Anthony Dixon has never gone to the San Francisco 49ers training facility with anything but a smile, so you can imagine his feelings about living his childhood dream and getting ready to play in Super Bowl XLVII.
“I just can’t wait for this week and then next week because every day I wake up is the best day of my life,” Dixon said in a phone interview with The Dispatch. “I mean it, the best day of my life. These are the days you wake up and thank God you get the opportunity to play the game of football, and I couldn’t be happier to be here with my teammates enjoying this.”
Dixon, Mississippi State University’s all-time leader in rushing, will living out a fantasy he choreographed in the backyard in Terry on Sunday when the San Francisco 49ers take on the Baltimore Ravens just 170 miles south in New Orleans.
Dixon has 78 yards on 21 carries and two touchdowns this season, including a touchdown run in the NFC divisional game against the Green Bay Packers and a 4-yard run on a third-and-short situation in the NFC championship game last week against the Atlanta Falcons. The score helped the 49ers rally for a 28-24 victory.
“I’m one of the guys on this team that always has the energy and the passion for the game of football,” Dixon said. “I did that at Mississippi State, and I have no problem doing that here with the 49ers. I love my teammates, and I think they love me, too, because they know whatever I’m feeling from day to day isn’t a show or isn’t fake.”
Since lifting up kicker David Akers following a 63-yard field goal in the 2012 season opener at Lambeau Field in Green Bay, Wis., to doing a pregame dance before the opening kickoff, Dixon has developed into the emotional leader for the 49ers in just his third professional season. His energy and emotion at the facility every day is something he believes will keep him in professional football.
“My emotion and passion is real and my effort is real and they respect that out of me,” Dixon said. “I have that emotion in my role as goal-line runner, special teams man on kickoffs and punts, whatever my team needs for me to do. I believe and I’ve told a lot of them that even at the pros if we believe in what we’re doing more than the opponent, we’ll win and we’ll have the advantage. It’s still not always about talent, even in the NFL. I love being in San Francisco because this is the organization that thought I could come in and make a difference. I want to win this Super Bowl as a 49er because it allows me the opportunity to give back to the fans here that love me and my coaches that love me and thought enough of me to draft me after all those other dudes.”
The 2010 draft experience is still a motivator. Dixon, 25, was passed over by 172 players before the 49ers selected him in the sixth round. Dixon was surprised he went that late, especially considering he rushed for 3,994 yards in four years at MSU. The six rounds and three days of draft coverage Dixon had to wait through before starting his professional football experience is the last negative about the game he loves he has allowed to fester in his mind.

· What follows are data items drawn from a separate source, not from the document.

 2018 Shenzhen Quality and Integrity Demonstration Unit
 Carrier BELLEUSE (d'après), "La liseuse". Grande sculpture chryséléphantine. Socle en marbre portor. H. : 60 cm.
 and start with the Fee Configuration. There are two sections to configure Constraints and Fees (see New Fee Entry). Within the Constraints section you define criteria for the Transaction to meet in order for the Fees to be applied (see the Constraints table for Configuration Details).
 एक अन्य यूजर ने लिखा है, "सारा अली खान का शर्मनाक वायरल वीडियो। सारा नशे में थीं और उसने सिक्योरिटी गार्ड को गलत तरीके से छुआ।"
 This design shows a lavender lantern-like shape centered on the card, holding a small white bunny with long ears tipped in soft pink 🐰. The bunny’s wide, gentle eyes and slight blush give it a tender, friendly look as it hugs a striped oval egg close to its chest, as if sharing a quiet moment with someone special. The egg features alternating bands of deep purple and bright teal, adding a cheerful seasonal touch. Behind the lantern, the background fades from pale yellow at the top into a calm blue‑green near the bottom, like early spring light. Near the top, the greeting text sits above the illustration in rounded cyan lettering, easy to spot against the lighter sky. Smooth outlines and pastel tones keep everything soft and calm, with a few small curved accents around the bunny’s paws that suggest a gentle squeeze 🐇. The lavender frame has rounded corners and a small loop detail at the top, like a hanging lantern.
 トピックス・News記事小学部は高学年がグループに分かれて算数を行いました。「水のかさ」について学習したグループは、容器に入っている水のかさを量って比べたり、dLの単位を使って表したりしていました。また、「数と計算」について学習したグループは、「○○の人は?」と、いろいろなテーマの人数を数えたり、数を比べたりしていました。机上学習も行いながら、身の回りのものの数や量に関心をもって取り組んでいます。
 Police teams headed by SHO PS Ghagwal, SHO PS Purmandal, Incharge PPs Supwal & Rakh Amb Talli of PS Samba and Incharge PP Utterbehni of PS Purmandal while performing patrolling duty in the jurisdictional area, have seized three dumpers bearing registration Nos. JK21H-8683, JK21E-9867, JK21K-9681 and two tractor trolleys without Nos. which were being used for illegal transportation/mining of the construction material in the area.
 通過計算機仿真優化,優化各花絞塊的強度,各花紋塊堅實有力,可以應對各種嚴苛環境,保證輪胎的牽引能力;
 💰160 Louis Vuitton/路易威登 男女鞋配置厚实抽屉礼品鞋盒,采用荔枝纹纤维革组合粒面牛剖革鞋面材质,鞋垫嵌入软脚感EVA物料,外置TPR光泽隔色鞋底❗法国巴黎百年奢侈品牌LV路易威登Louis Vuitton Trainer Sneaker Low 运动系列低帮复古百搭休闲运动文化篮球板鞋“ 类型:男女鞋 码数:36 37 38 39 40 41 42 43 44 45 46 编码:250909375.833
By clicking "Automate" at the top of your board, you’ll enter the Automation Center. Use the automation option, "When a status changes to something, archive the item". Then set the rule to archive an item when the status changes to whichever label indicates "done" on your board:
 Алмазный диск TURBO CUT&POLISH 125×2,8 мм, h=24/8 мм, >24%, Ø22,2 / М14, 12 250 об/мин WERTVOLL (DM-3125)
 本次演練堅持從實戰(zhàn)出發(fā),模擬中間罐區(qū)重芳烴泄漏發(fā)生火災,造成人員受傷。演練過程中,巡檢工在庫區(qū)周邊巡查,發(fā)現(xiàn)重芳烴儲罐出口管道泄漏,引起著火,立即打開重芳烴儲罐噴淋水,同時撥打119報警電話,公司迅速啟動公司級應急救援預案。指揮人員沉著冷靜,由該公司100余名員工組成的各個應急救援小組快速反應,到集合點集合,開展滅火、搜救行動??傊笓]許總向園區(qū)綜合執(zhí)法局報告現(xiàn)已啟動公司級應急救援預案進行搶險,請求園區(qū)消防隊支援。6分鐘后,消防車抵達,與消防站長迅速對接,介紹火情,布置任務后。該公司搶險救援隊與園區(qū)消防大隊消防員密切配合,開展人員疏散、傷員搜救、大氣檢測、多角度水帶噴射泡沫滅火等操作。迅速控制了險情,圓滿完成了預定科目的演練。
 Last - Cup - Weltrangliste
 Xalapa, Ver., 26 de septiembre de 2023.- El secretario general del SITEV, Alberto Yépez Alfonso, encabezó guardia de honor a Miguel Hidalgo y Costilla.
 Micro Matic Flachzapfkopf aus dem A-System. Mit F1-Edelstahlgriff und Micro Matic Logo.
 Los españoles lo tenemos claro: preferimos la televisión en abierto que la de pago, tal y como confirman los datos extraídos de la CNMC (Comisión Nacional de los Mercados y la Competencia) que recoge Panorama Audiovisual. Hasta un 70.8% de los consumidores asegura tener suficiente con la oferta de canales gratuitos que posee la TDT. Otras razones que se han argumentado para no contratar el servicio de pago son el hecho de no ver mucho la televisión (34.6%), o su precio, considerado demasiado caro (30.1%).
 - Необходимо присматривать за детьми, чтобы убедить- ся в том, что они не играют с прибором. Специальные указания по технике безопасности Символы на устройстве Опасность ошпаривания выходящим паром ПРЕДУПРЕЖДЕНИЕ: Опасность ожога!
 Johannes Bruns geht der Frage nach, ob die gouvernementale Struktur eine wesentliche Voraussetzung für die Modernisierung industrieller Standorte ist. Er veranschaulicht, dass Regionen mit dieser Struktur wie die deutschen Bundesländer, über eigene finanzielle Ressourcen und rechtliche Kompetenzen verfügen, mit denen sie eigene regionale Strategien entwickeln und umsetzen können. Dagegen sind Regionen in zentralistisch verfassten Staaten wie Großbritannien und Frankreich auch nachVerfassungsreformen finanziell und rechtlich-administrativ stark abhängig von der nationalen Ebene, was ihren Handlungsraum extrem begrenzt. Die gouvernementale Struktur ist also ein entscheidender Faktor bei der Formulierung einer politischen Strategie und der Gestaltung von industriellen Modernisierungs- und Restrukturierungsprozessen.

“It’s about the work I had to put into my game in high school, college, and now that the pros,” Dixon said. “It’s things like this that make sitting around waiting all those rounds in the draft knowing those dudes getting picked before you weren’t better than me. I knew they weren’t better than me. It’s given me the motivation and the anger to go prove people wrong at this level that I can not only stay in pro football, but be a member of this championship team.”
The Dixon wearing No. 24 in San Francisco is the same emotional player fans saw in Starkville. He also is the same fun-loving teammate who knows he’ll get hundreds of ticket requests from friends and family just two and a half hours north of New Orleans in Terry.
“It hasn’t been decided how many tickets we get apiece or anything like that, but I do know this, it’ll be costly,” Dixon said with his classic laugh.
Dixon joked with The Dispatch he has gotten 49ers coach Jim Harbaugh, a strict disciplinarian but with a wild side to his personality, to do MSU’s Dog Pound Rock dance. MSU players do the dance before the opening kickoff of every game. Harbaugh saw Dixon doing the dance while lining up for an opening kickoff. Harbaugh asked the inevitable question, and Dixon has promised to do the dance if he scores against Baltimore.
“He and my teammates one day were like, ‘What are you doing?’, so after I explained it. I was even in charge one day this year in practice to teach everybody on the team, even coach Harbaugh, how to do the Dawg Pound Rock, so yeah, I’ve even gotten coach Harbaugh to do it a couple of times this year,” Dixon said. “It’s a special thing for me to do and to know everybody in Mississippi is doing it in front of their TVs with me. It’s my way to bring a little of that Mississippi State pride into pro ball. I love doing that.”